■ **Task to carry out**
Output only the lines below from the one holding "le XIIe siècle.1845" down to the one holding "Members can discuss", both end lines included and every picture dropped.

■ **Data in this exercise**
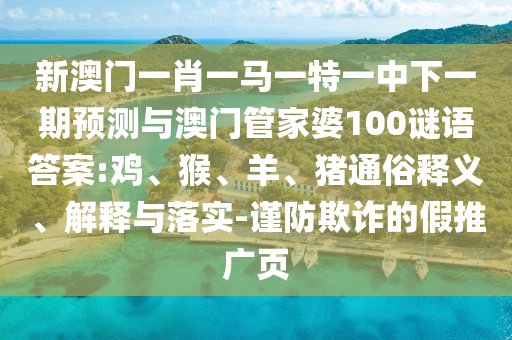 關(guān)于新澳門一肖一馬一特一中下一期預(yù)測與澳門管家婆100謎語答案:雞、猴、羊、豬等相關(guān)內(nèi)容的通俗釋義、解釋與落實,以及謹(jǐn)防欺詐的假推廣頁的警告
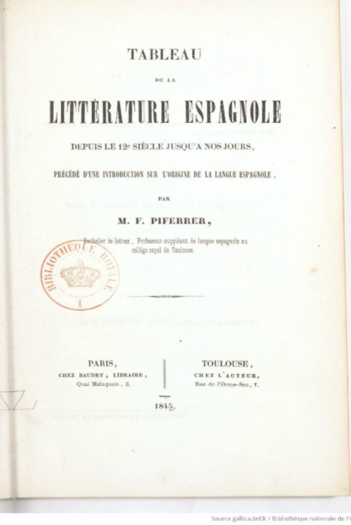 –Tableau de littérature espagnole depuis le XIIe siècle.1845
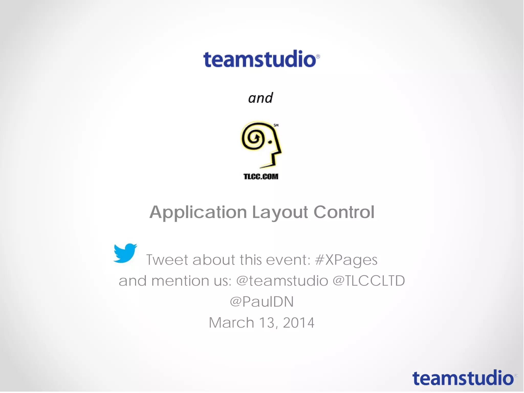 The document outlines information about Teamstudio's tools for collaborating in IBM Notes and their mobile product, Unplugged, which allows offline access to Notes applications. It discusses upcoming webinars and events, including rapid XPages development sessions and Engage conference details. Additionally, it covers the application layout control framework for developing consistent user interfaces within the XPages environment.
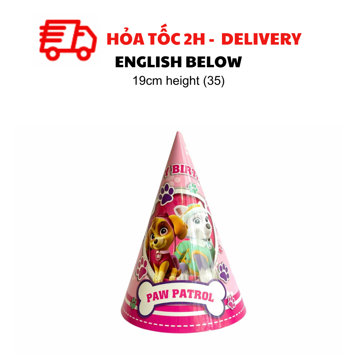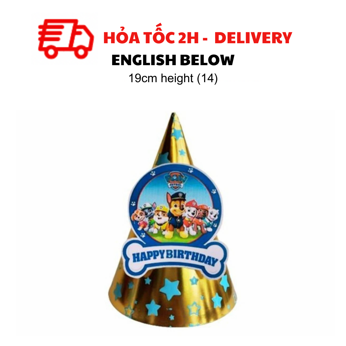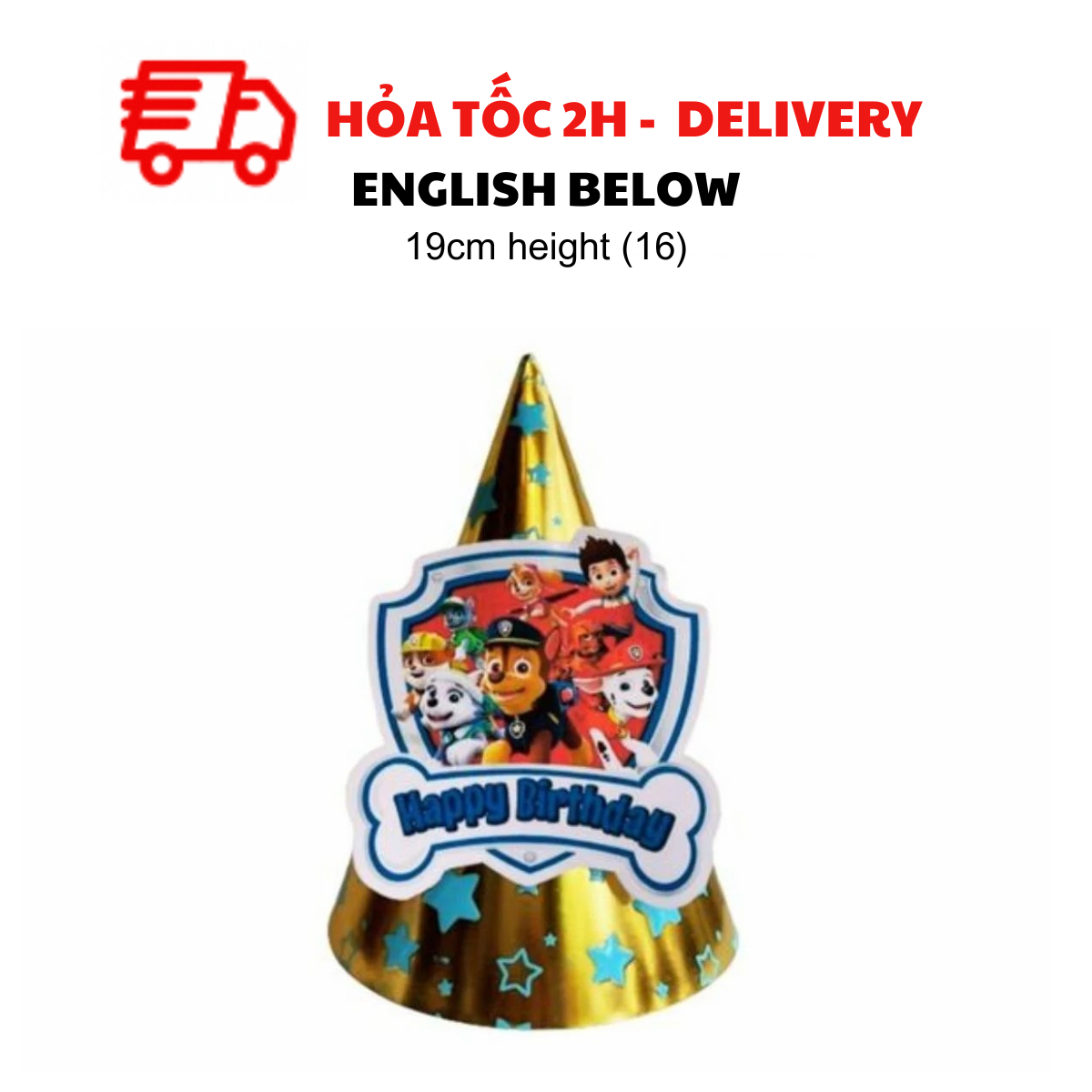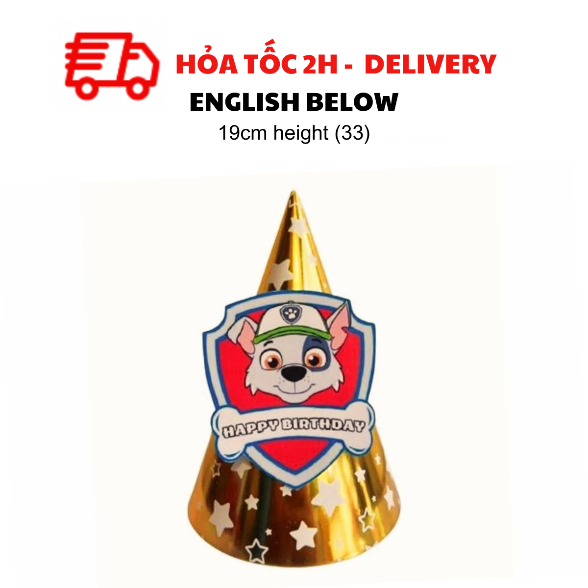 Mang đến không khí sôi động cho bữa tiệc với những chiếc nón sinh nhật chó cứu hộ Paw Patrol đáng yêu! Lấy cảm hứng từ bộ phim hoạt hình nổi tiếng, những chiếc nón này không chỉ giúp bé hòa mình vào thế giới của Paw Patrol, mà còn là điểm nhấn sinh động trong không gian trang trí.
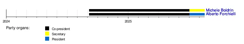 Members can discuss their ideas in seventeen thematic groups on Discord, as each group is responsible for drafting multiple position papers that will define the manifesto of the future party.[12] On 18 May 2025, with about 13,000 members, the deadline passed to register in order to have active and passive voting rights for the party’s founding Congress, which will take place from 10 to 12 October 2025.[13] All registered members will be able to run as delegates.[14] The delegates will attend a political training school in Urbino and then elect the 100 members of the Assembly, the Secretary, and the President.[15][16][17][18][19]
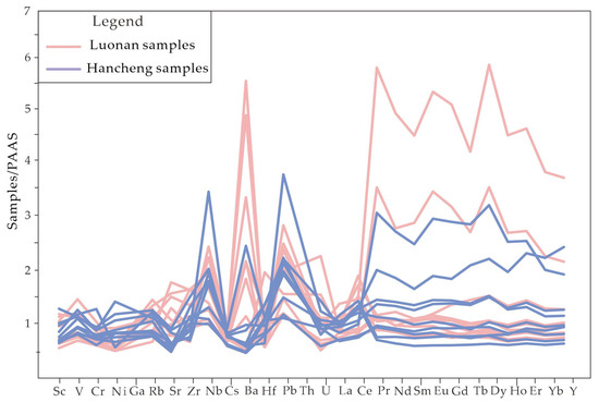 Trace element spider diagram (PAAS data from [32]; plotted with Origin 2021 software, version 9.8.0.200).

■ **Answer space**
 –Tableau de littérature espagnole depuis le XIIe siècle.1845
 The document outlines information about Teamstudio's tools for collaborating in IBM Notes and their mobile product, Unplugged, which allows offline access to Notes applications. It discusses upcoming webinars and events, including rapid XPages development sessions and Engage conference details. Additionally, it covers the application layout control framework for developing consistent user interfaces within the XPages environment.
 Mang đến không khí sôi động cho bữa tiệc với những chiếc nón sinh nhật chó cứu hộ Paw Patrol đáng yêu! Lấy cảm hứng từ bộ phim hoạt hình nổi tiếng, những chiếc nón này không chỉ giúp bé hòa mình vào thế giới của Paw Patrol, mà còn là điểm nhấn sinh động trong không gian trang trí.
 Members can discuss their ideas in seventeen thematic groups on Discord, as each group is responsible for drafting multiple position papers that will define the manifesto of the future party.[12] On 18 May 2025, with about 13,000 members, the deadline passed to register in order to have active and passive voting rights for the party’s founding Congress, which will take place from 10 to 12 October 2025.[13] All registered members will be able to run as delegates.[14] The delegates will attend a political training school in Urbino and then elect the 100 members of the Assembly, the Secretary, and the President.[15][16][17][18][19]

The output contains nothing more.